* _Collected material_:
%%
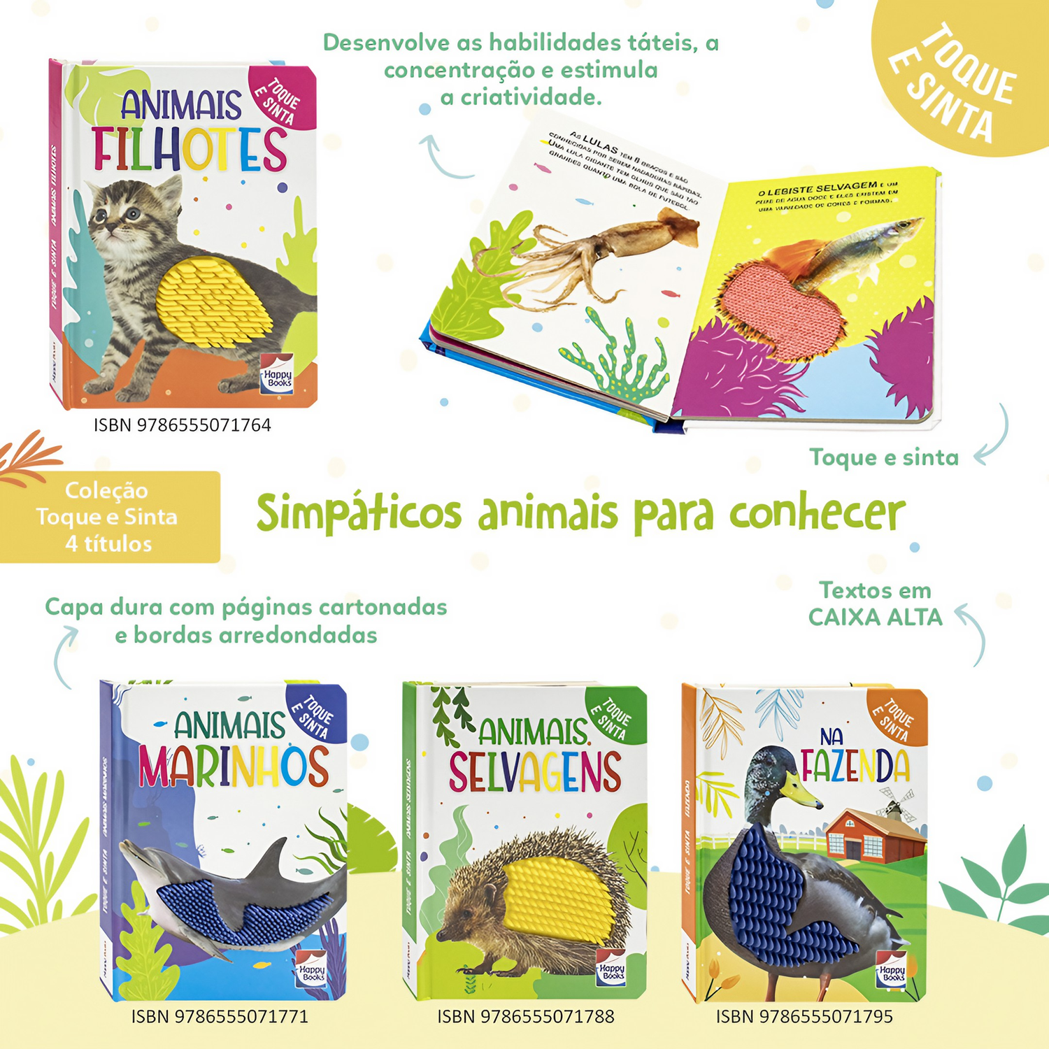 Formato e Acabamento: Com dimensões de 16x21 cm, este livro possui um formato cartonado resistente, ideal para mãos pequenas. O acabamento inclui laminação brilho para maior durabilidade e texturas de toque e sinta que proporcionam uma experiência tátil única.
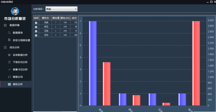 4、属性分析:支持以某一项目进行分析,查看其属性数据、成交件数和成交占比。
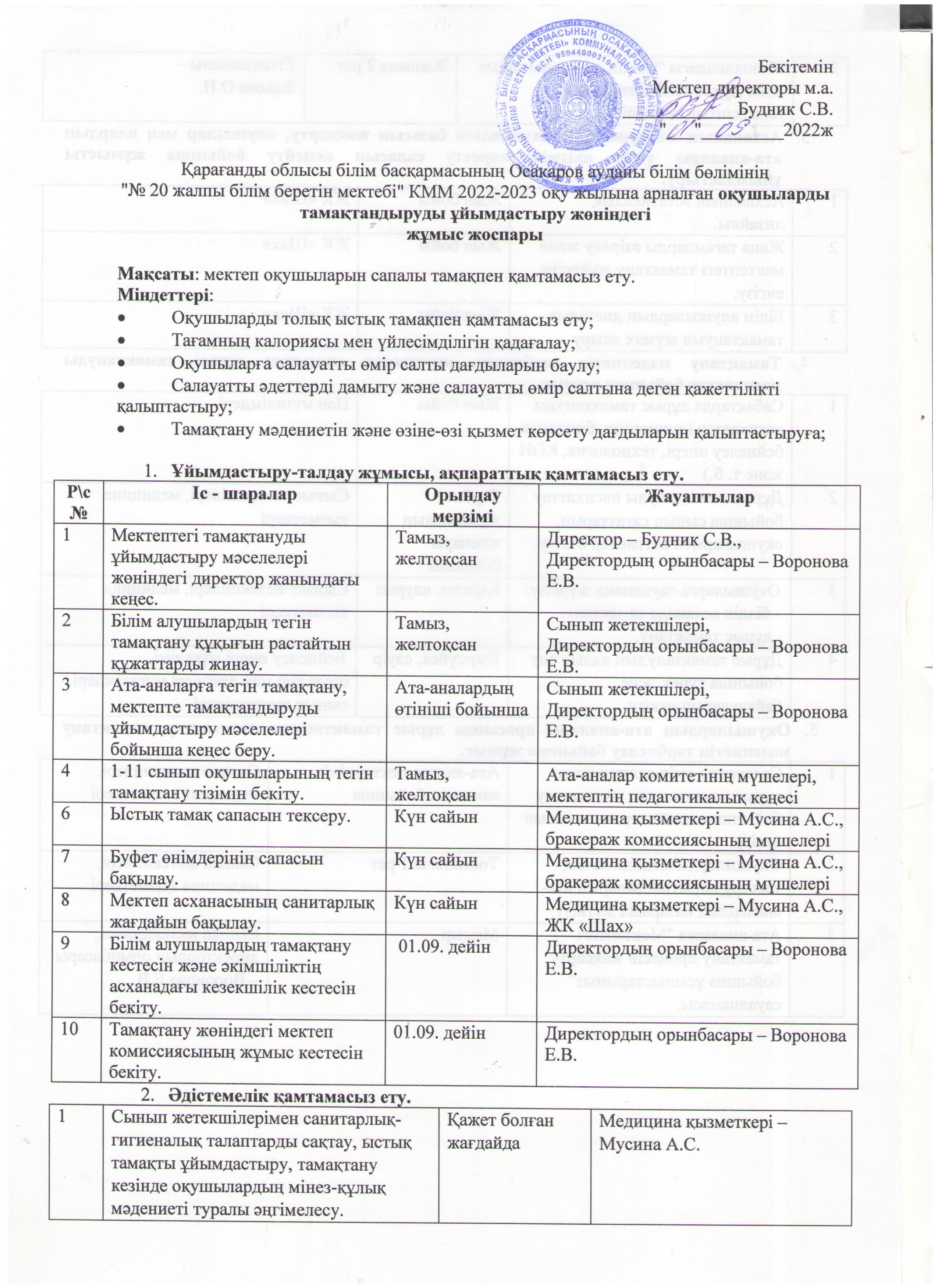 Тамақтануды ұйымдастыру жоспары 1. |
%%
* _About this exercise_: Give again, word for word, the lines above from the first one through the one containing "4、属性分析:支持以某一项目进行分析,查看其属性数据、成交件数和成交占比。"; no pictures.

* _Response to this task_:
 Formato e Acabamento: Com dimensões de 16x21 cm, este livro possui um formato cartonado resistente, ideal para mãos pequenas. O acabamento inclui laminação brilho para maior durabilidade e texturas de toque e sinta que proporcionam uma experiência tátil única.
 4、属性分析:支持以某一项目进行分析,查看其属性数据、成交件数和成交占比。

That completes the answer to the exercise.